Simple explanation of recursive

zhaozj2021-02-16  48

The simplest recursive has such a form

Fn = a | fn

Its result is A

The calculation process is as follows, it is a mathematical inductive method.

Recursor number) Expression 1) Fn = a2) Fn = fn = a .... n) fn = fn = ... (n - 1 time) = fn = a

So fn = a

Write into C language is: #define a 1

INT FN (INT N) {IF (n == 0) RETURN A; RETURN FN (N - 1)}

n == 0 is a recursive termination condition. When it is enabled, A is called an absorbent sub-, and Fn is a recursive process.

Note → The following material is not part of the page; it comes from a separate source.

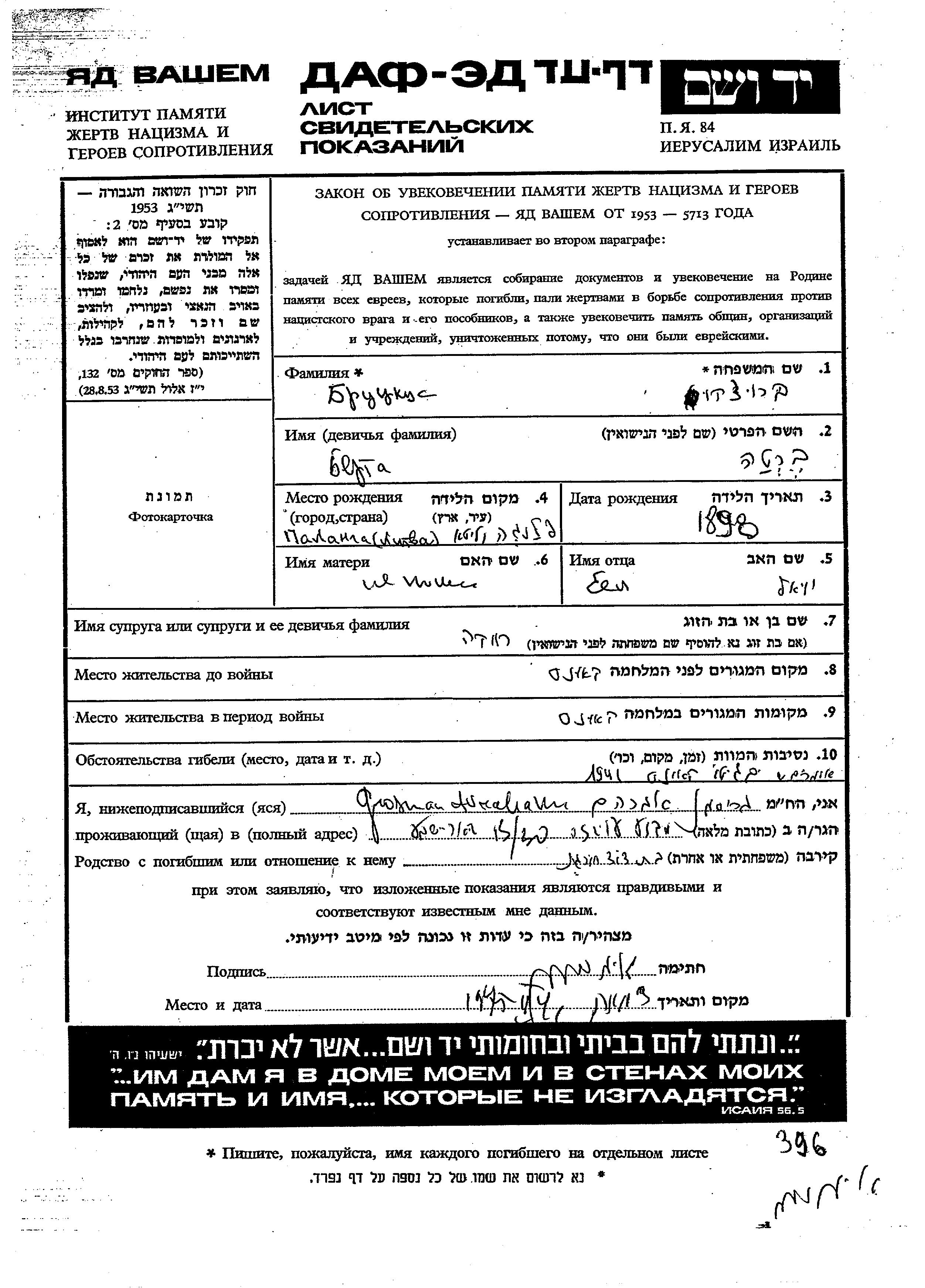 Berta Brutzkus wurde im Jahr 1898 in Palanga, Litauen geboren. Sie war die Tochter von Yoel. Sie war Ledig. Vor dem Zweiten Weltkrieg lebte sie in Kaunas, Litauen. Während des Krieges war sie in Kaunas, Litauen.

When the absorbers do not contain a recursive process (direct or indirect), it is referred to as limited recursive. The recursion in programming must be limited recursive.

Regardless of how the recursive process is defined, it produces an absorption. The entire recursive process is actually generating a parameter number A = = {Fn (n = 1), Fn (n = 2), .... fn (n = N-1)}. The result is a function of argument as an argument by the absorption sub-and parameter number: f (a, a).

In the above example, the parameters of Fn (n) are n, and the parameter number is a = {n, n - 1, n - 2, ..., 0} function f (x, y) = x. So the result is 0.

Again for example:

Void Fn (int N, int sum) {IF (n == 0) return;

Printf ("N =% D, SUM =% D", N, SUM) Fn (N - 1, SUM N); Printf ("N =% D, Sum =% D", N, Sum)}

This recursive process A = = {n, sum}, {n - 1, sum n}, {n - 2, sum n n - 1}, ... {0, SUM N * N - 1 - 2 ... - (n - 1)} a = empty

F (x, y) = empty.

The result is just to print a number of A number

However, this example illustrates a problem, f (x, y) actually works twice. The first time A order, the second time A is in the reverse order.

The first time occurred in the generation of a diameter, the second occurs in the process of destroying A. In fact, it illustrates the recursive stack nature.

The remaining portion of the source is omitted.